23. Contrary to what is set out at part D of the EAW, the respondent did not appear in person at the hearing resulting in the sentence which is sought to be enforced. However, on the basis of the additional information furnished, I am satisfied that the respondent was personally summoned to attend the hearing on 28th October, 2011.
24. Furthermore, insofar as the respondent alleges that he was not present in Poland at any relevant time in respect of the proceedings, I am satisfied that upon his arrest he was advised of his obligation to notify the prosecuting authority of any change of address and, in particular, if travelling abroad he was to furnish an address in Poland for the purposes of service in respect of the proceedings, failing which service at the last known address would be deemed sufficient service. I am also satisfied that the respondent was arrested on 14th September, 2011 and provided the same address to the prosecuting authority as he did in respect of the proceedings which are the subject matter of this EAW.
25. I am satisfied that the respondent failed to attend the hearing on 28th October, 2011 despite having received a summons to do so and that, as he now accepts, that situation was brought about by his own conduct. I am satisfied that in so far as the respondent failed to appear at the hearing, this amounted to an unequivocal waiver of the right to be present on his part. This waiver occurred in circumstances where he had been summoned personally and failed to appear, most likely having left the issuing state shortly before the hearing. He did so in breach of his obligation to inform of a change of address and knowledge of the consequences of doing so.
26. I am satisfied that the requirements of s. 45 of the Act of 2003 have been met in substance and that the mischief which that section and Article 4a of the Framework Decision seek to avoid does not arise in this matter. I am satisfied that the defence rights of the respondent were respected and were not breached in this matter.
27. I dismiss the respondent’s objection to surrender based upon s.45 of the Act of 2003.

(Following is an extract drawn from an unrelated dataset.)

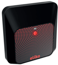
KIO RTLS Anchor
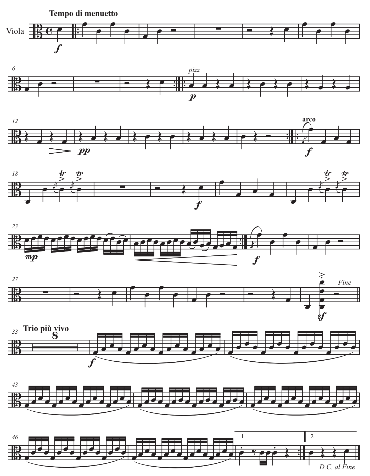
Florent THOMAS © All rights reserved

Section 11 of the Act of 2003
28. Counsel on behalf of the respondent had initially submitted that the EAW was lacking in detail concerning the degree, if any, of participation of the respondent in the offence, the subject matter of the EAW, and also that the reference to “
aggregate sentence” at part C of the EAW suggested that the sentence was imposed in respect of more than the single offence as set out in the EAW. Further details of the offence were provided including the extent of the respondent’s participation therein by way of additional information dated 28th May, 2021. It was clarified that the reference to “
aggregate sentence” at part C of the EAW was a translation error and the word “
aggregate” did not appear in the Polish version.
29. I am satisfied that sufficient particulars have been provided and that there is no lack of clarity in the EAW such as would justify this Court in refusing surrender. I dismiss the respondent’s objection based on s. 11 of the Act of 2003.
30. I am satisfied that surrender of the respondent is not precluded by reason of part 3 of the Act of 2003 or any other provision of that Act.
31. Having dismissed the respondent’s objections, it follows that this Court will make an order pursuant to s. 16 of the Act of 2003 for the surrender of the respondent to the Republic of Poland.
Result: The respondent contested his surrender on the basis that:- (a) surrender is precluded by section 11 of the European Arrest Warrant Act, 2003, as the warrant lacked sufficient clarity as regards the relevant offences; (b) correspondence didn’t exist between offences in the requesting state and this jurisdiction, contrary to section 38 of the Act of 2003; and (c) the respondent was not present when the decision to surrender was made, meaning section 45 of the Act wasn’t complied with.